14. The laundry detergent composition according to any one of the claims 8-13, wherein said mono-ester glycolipid comprises a lipid moiety derived from a diglyceride and/or triglyceride selected from a source consisting of: sunflower oil, rapeseed oil, canola oil, olive oil, corn oil, soybean oil, peanut oil, tallow, lard, rice bran oil, coconut oil, mango oil, Kalahari melon seed oil, almond oil, poppy seed oil, plum kernel oil, grapeseed oil, apricot kernel oil, linseed oil, palm oil, shea butter, shea butter oil, and mixtures thereof, preferably derived from sunflower oil.

15. The use according to any one of the claims 8-13, wherein said mono-ester glycolipid comprises a lipid moiety having a chain length within the range of C6-C26, saturated, or unsaturated with 1-6 double bonds, such as oleic acid and/or linoleic acid and/or stearic acid and/or palmitic acid and/or palmitelaidic acid and/or palmitoleic acid.

16. The use according to any one of the claims 8-13, wherein said mono-ester glycolipid comprises a lipid moiety having a chain length within the range of C16-C18, saturated, or unsaturated with 1-6 double bonds, such as oleic acid and/or linoleic acid and/or stearic acid and/or palmitic acid and/or palmitelaidic acid and/or palmitoleic acid.

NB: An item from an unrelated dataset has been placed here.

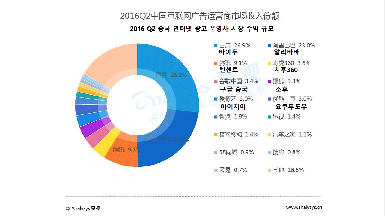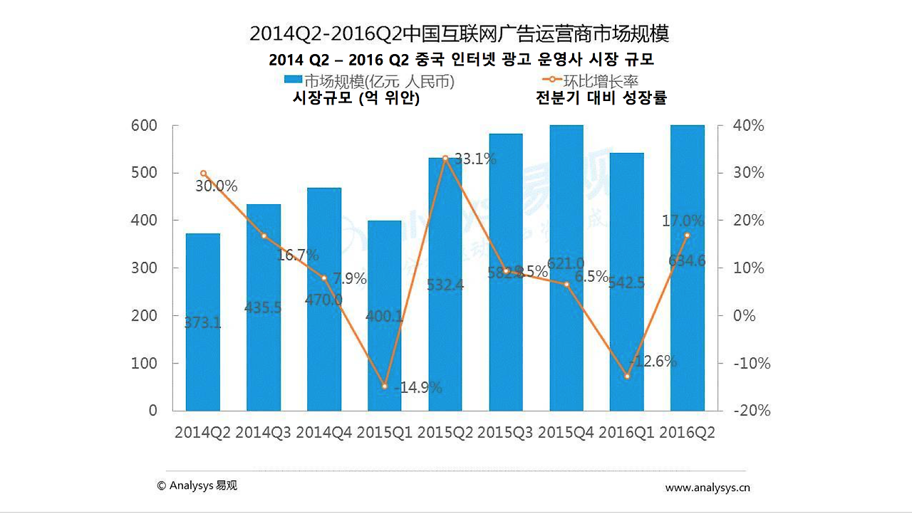 2016년 H1 중국 인터넷 광고 시장의 규모는 1177억 원에 달한다. 그중 Q2 시장 규모는 634.6억 위안이며 전분기 대비 성장률은 17%이다. BAT의 인터넷 광고 시장의 수익 점유율은 50%를 상위한다. (바이두 26.9%, 알리바바 23%, 텐센트 9.1%)

17. A method for cleaning textiles and/or textile articles comprising the steps of: - providing a laundry detergent composition comprising a mono-ester glycolipid or a mixture of mono-ester glycolipids, in a concentration to effectively clean fabrics/textile articles under predetermined laundering conditions;

- allowing the textiles and/or textile articles to dry, or mechanically tumble-drying them; characterized in that said mono-ester glycolipid or mixture of mono-ester glycolipids comprises a carbohydrate moiety selected from the group consisting of maltose, cellobiose, trehalose, isomaltulose, lactulose, isomaltose, and mixtures thereof.